Wie geht die naturschutzrechtliche Zirkusnummer am Ende aus?
Wir wagen eine Vorhersage:
- Nach zahlreichen “Ziesel erfolgreich umgelenkt” Meldungen für verschiedene Baufelder in den nächsten Jahren wird man irgendwann überrascht feststellen, dass leider nur ein paar Dutzend Tiere auf den Ausgleichsflächen zu finden sind, und der Rest verschollen ist.
- Warum wir das glauben? Erinnern Sie sich noch an die Feldhamster, die vom Verteilerkreis Favoriten 2011 in den Volkspark abgesiedelt wurden? Nun:
“Derzeit gibt es im Volkspark keine Hinweise auf Hamstervorkommen.

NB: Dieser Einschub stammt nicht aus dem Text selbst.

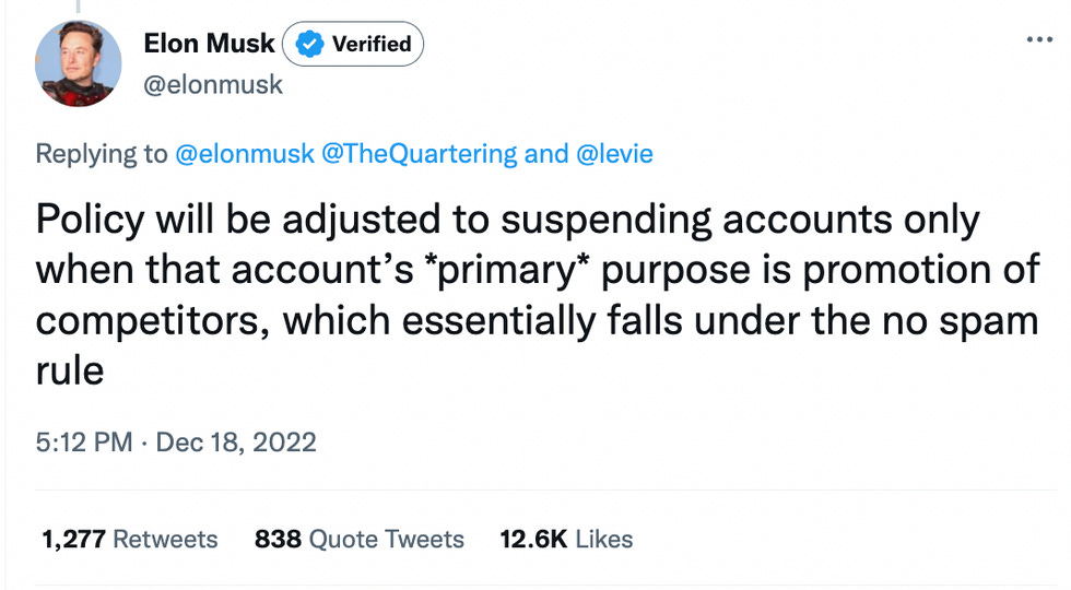 After spending most of the day at the World Cup with Jared Kushner and a bunch of Saudis, Musk took to Twitter to defend the policy in the responses to a tweet from noted right-wing chud and resident of Malaysia Ian Miles Cheong. He explained that the policy was to prevent "relentless free advertising of competitors," claiming that "[n]o traditional publisher allows this and neither will Twitter."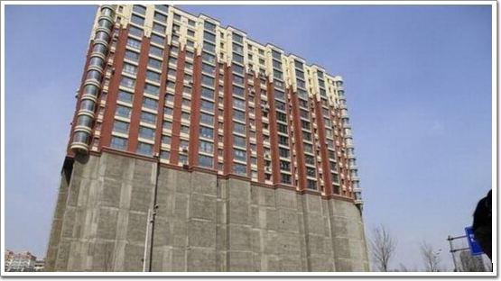 吉林省吉林市長春路臨江廣場附近有這樣一個奇怪的樓宇,外形酷似帆船,下半截完全封閉,上半截正常有居民居住。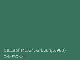 CIELab 44.534,-24.684,6.983 Color is a normal green color and the nearest color is Amazon #3b7a57. Hex code #3b745d and RGB value is rgb(59,116,93). In RGB color space, this color is composed of 23% red, 45% green, 36% blue, In CMYK color space, this color is composed of 49% cyan, 0% magenta, 20% yellow , 55% black , In HSL color space, this color has a hue angle of 156° , 33% saturation and 34% lightness.
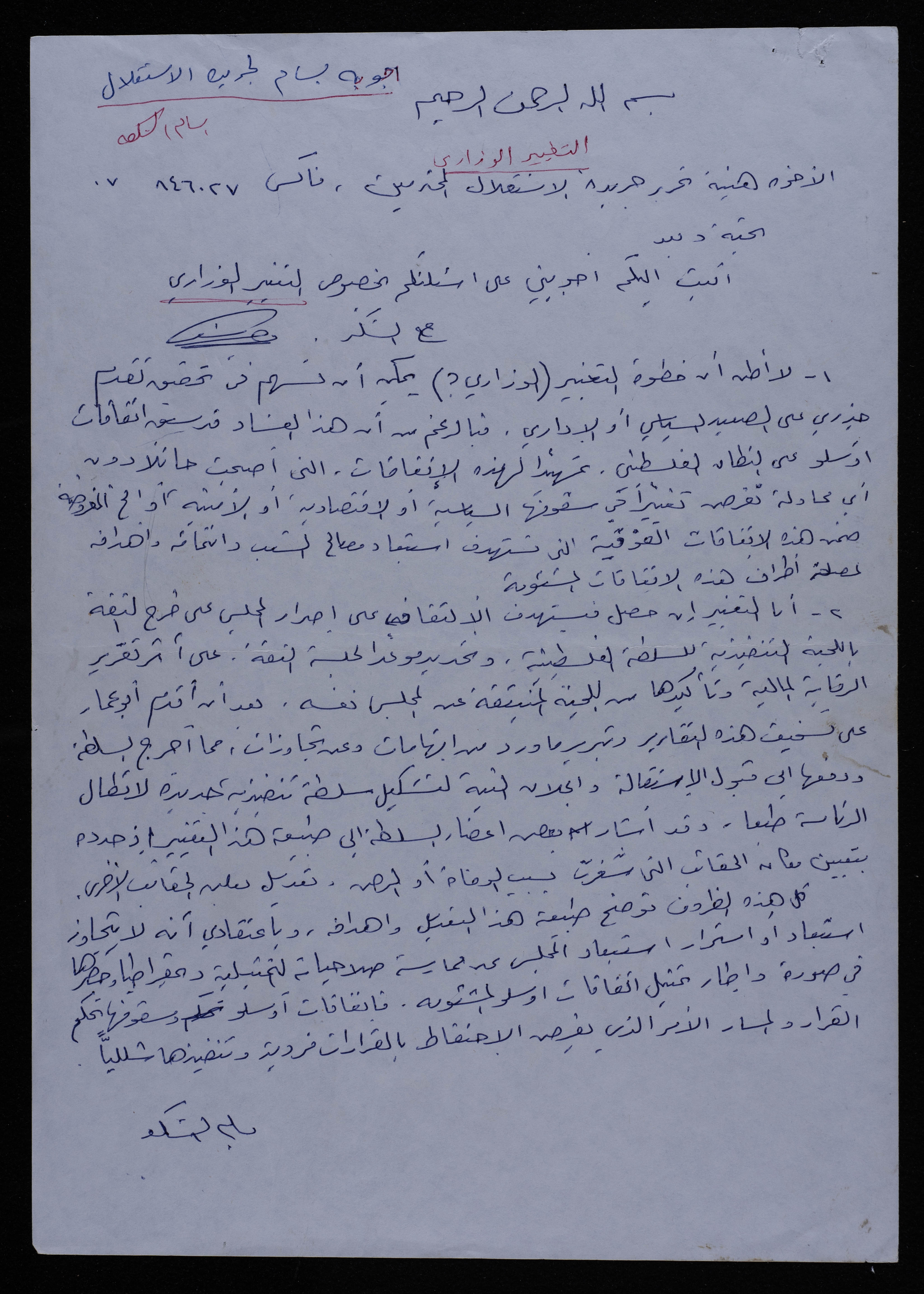 .وثيقة مكتوبة باللغة العربية، تتضمن رسالة وصلت هيئة تحرير جريدة الاستقلال من بسام الشكعة حول اجوبته بخصوص التغيير الوزارى

Es ist davon auszugehen, dass die Population weitergewandert ist, da Anzeichen von Krankheiten, Vergiftung oder unmittelbare Gefährdung durch Bauarbeiten, weder im Zuge der Verlängerung der U1 noch durch andere Bauvorhaben fehlen.” © MA 22, 2015.
Vor dieser “erfolgreichen” Aktion gab es dort bereits Feldhamster, von denen genauso wie von den umgesiedelten nun jede Spur fehlt.
Die IGL-Marchfeldkanal wird jedenfalls diese Vorgehensweise nicht hinnehmen und alles Erdenkliche unternehmen, um den Zieseln vom Heeresspital das Schicksal der Hamster vom Verteilerkreis zu ersparen.
Die Folgen einer durch die MA 22 verschuldeten EU-Klage hätte dann der österreichische Steuerzahler zu tragen, und nicht die Bauträger, die vom Verhalten der Behörde profitieren.
Geschützte Tierarten, sowie Natur an sich hat offensichtlich keinen Stellenwert
in der Politik. Gesunder Boden im Ausmaß von 32 Fußballfeldern pro Tag wird versiegelt! Österreich kann sich nicht mehr autark ernähren! Aber die natürliche
Lebensraumzerstörung geht weiter und weiter ……..bis es zu spät sein wird!